Do you know who the key decision makers and influencers will be in the process? Who in the company will have final sign off on the decision, does someone have power of veto? Do you know the buyer profile for each of these individuals? Is there someone in the organisation that supports your solution and can act as a coach?
If the answer is no to these questions, is there an opportunity for you to map this out before responding? Perhaps you have contacts in other companies, or areas of your business that can help you with this.
The proposal that nails a solution that addresses the company and the decision makers’ drivers is most likely to succeed. Do you have access to the necessary information to do this?
2. Do you have the right solution?
Firstly, can you identify the key reasons for the company going out to market?
Then secondly, do you have the solution to truly address these needs?
Take an unbiased assessment of their needs against your solution or product and assess whether you can deliver a proposal that creates true business value and a strong business case.
Do you have a unique selling point, of value to them, that will differentiate you from your competitors or compel them to move away from their current provider? Or, when you look objectively at your solution, does it have serious gaps and will not address this company’s stated needs?
If the latter, is there a benefit in submitting a proposal this time?

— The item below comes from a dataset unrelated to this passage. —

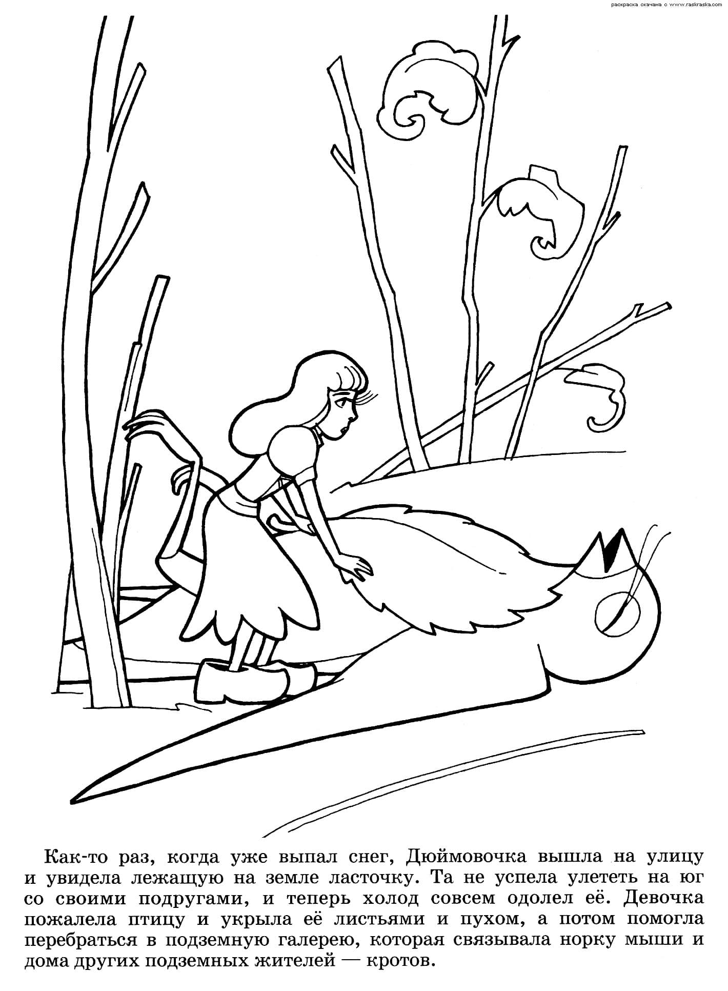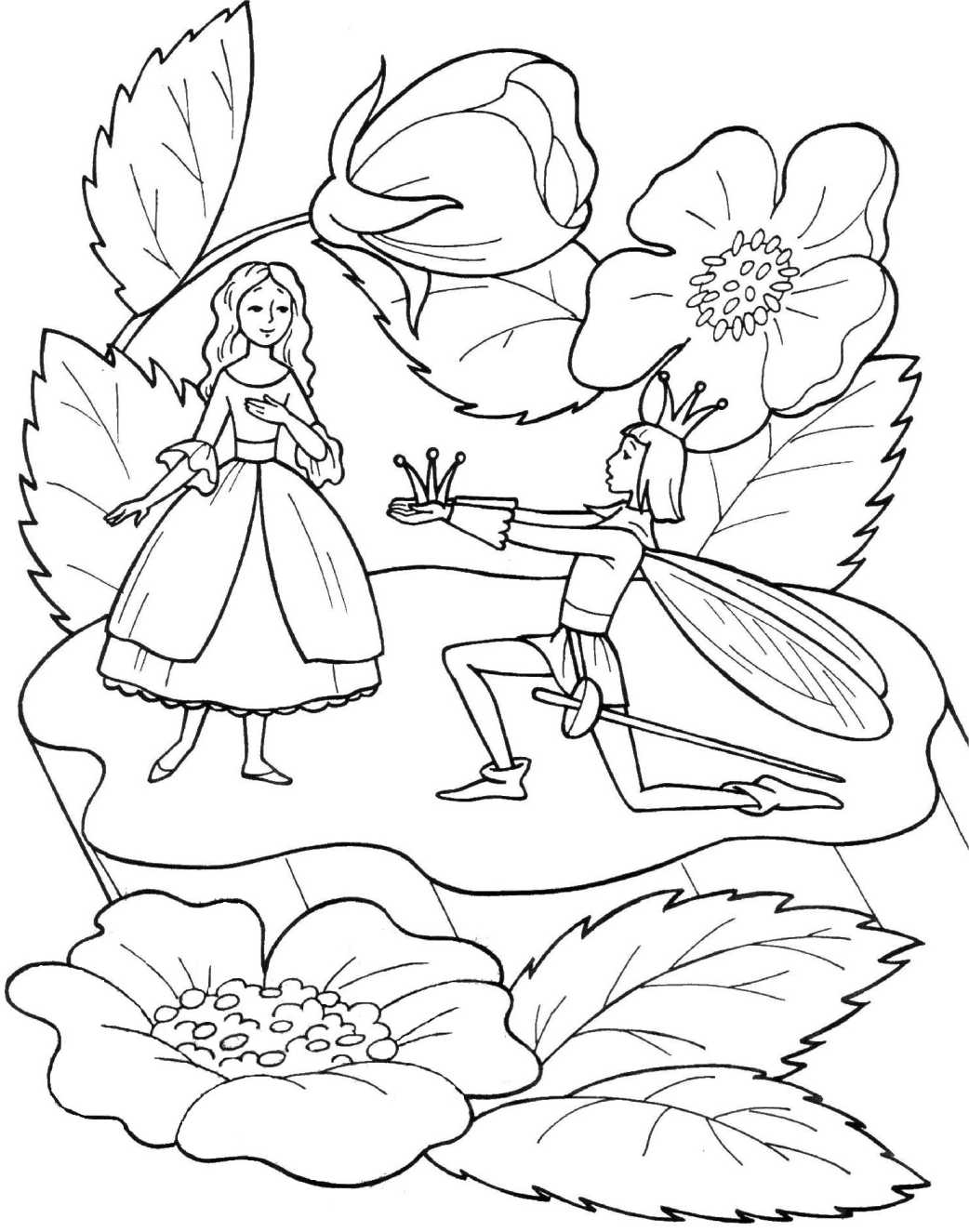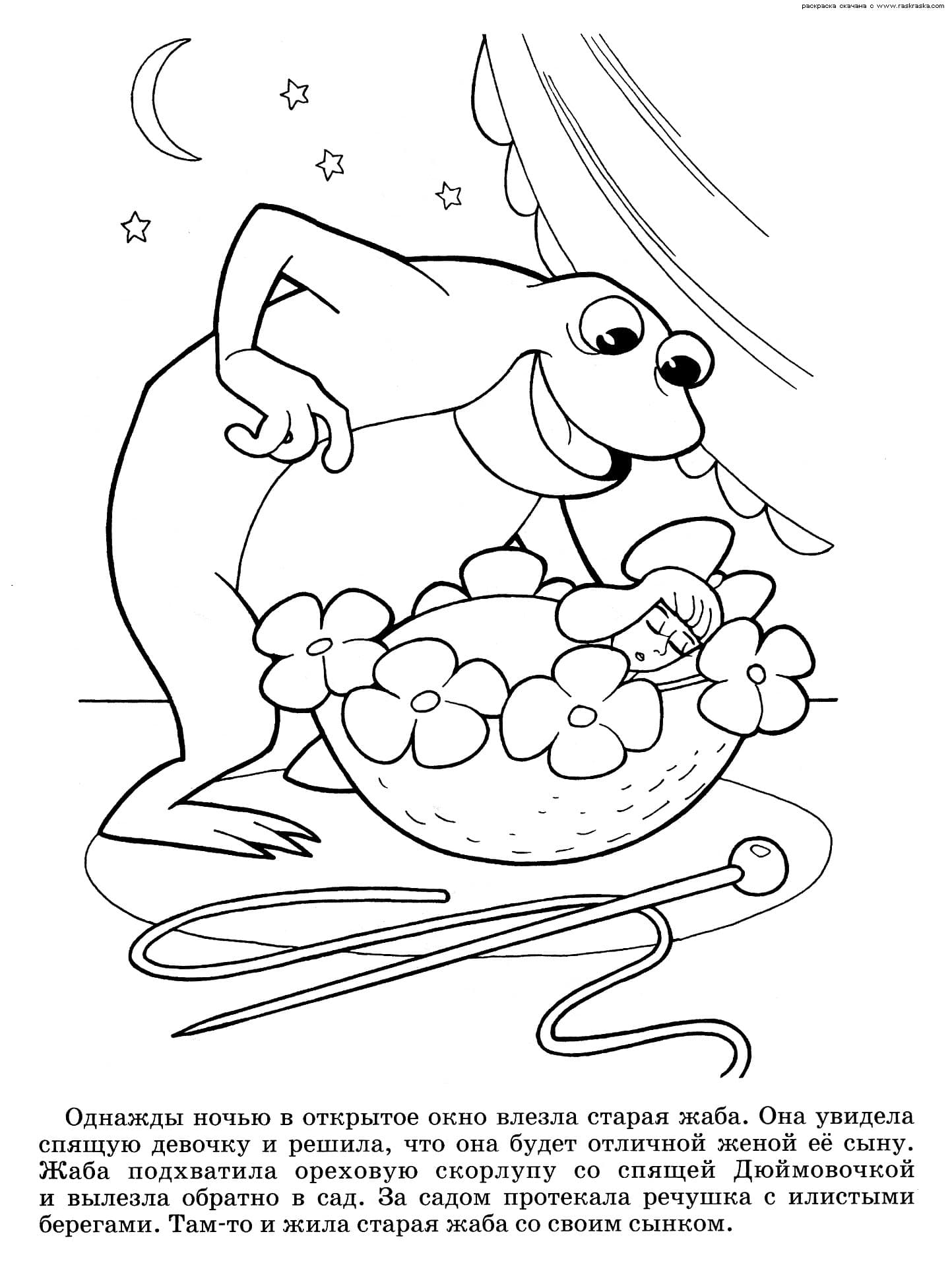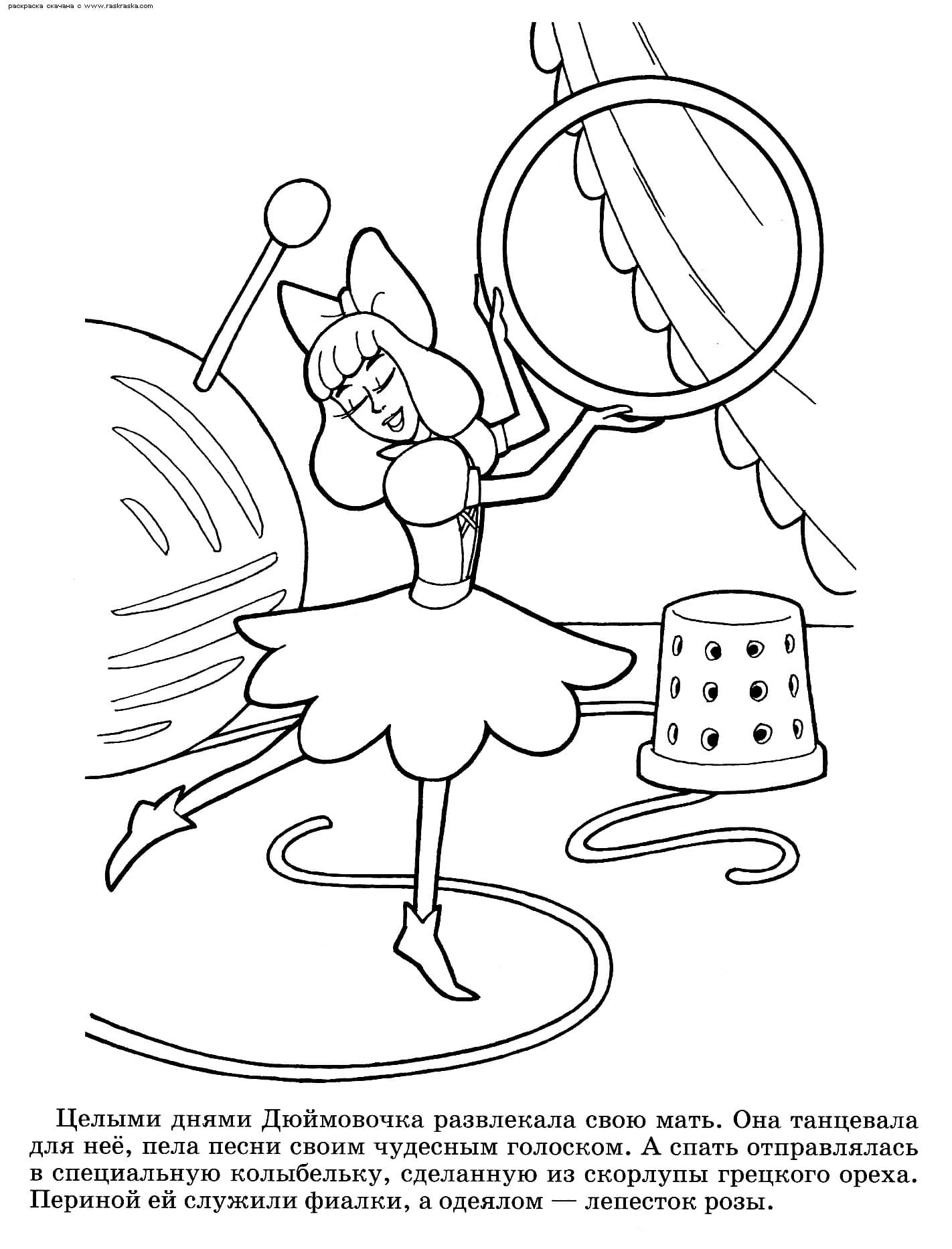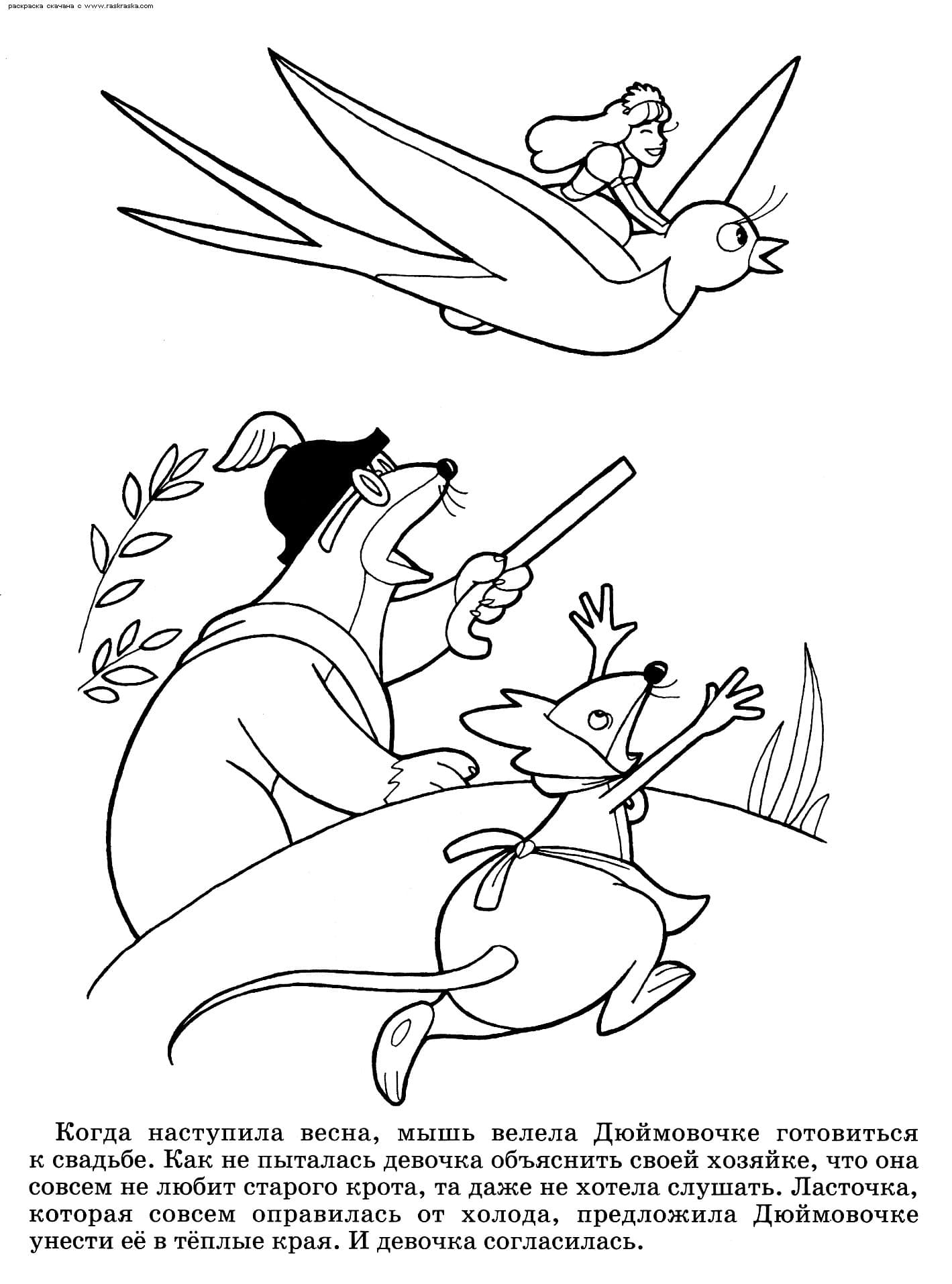 Знаменитая сказка, написанная Гансом Христианом Андерсеном, обретает свою новую жизнь вместе с современной музыкой, пением и танцами. Он переносит зрителя в волшебный мир, где живет рассказчик Оле-лук-Мэй. Он машет волшебной палочкой, и из чудесного цветка появляется крошечная девочка, не больше большого пальца. Сказка рассказывает о приключениях Дюймовочки в старом жилище полевой мыши; с женоподобными болотными жабами, оленьими жуками и кротом. Она успешно избегает их намерений, убегая с ласточкой в далекую страну, где влюбляется в цветочного сказочного принца. На этой странице Вы можете совершенно бесплатно скачать и распечатать раскраску Дюймовочка в хорошем качестве.

3. Do you want the business?
This may seem like a no brainer, of course you want the business. Why wouldn’t you? However, have you done an opportunity analysis and determined whether this business will be good business for your company.
Will the account be profitable or do you need to win it on too low margins and therefore eat into your profits and risk delivering poor service, resulting in a dissatisfied client.
Are you both the right fit for each other, will winning the business result in a long-term business relationship, and an advocate client, or will the relationship rub like an ill-fitting suit for the term of the contract, leaving everyone unhappy and the client keen to go back out to market as soon as the contract expires?
Do you have the capacity right now, or ability to upscale quickly, to service the business or provide the products? Will you meet their expectations?
Not all business is good business, and not all clients and vendors are a good fit for each other. And sometimes you’re not the right solution for this business this time, but will be in the future. Know when to walk away and plan for another day.
If you answered positively to the three qualifier questions, then what are you waiting for, start working on that amazing proposal and pitch for that new client! Good luck!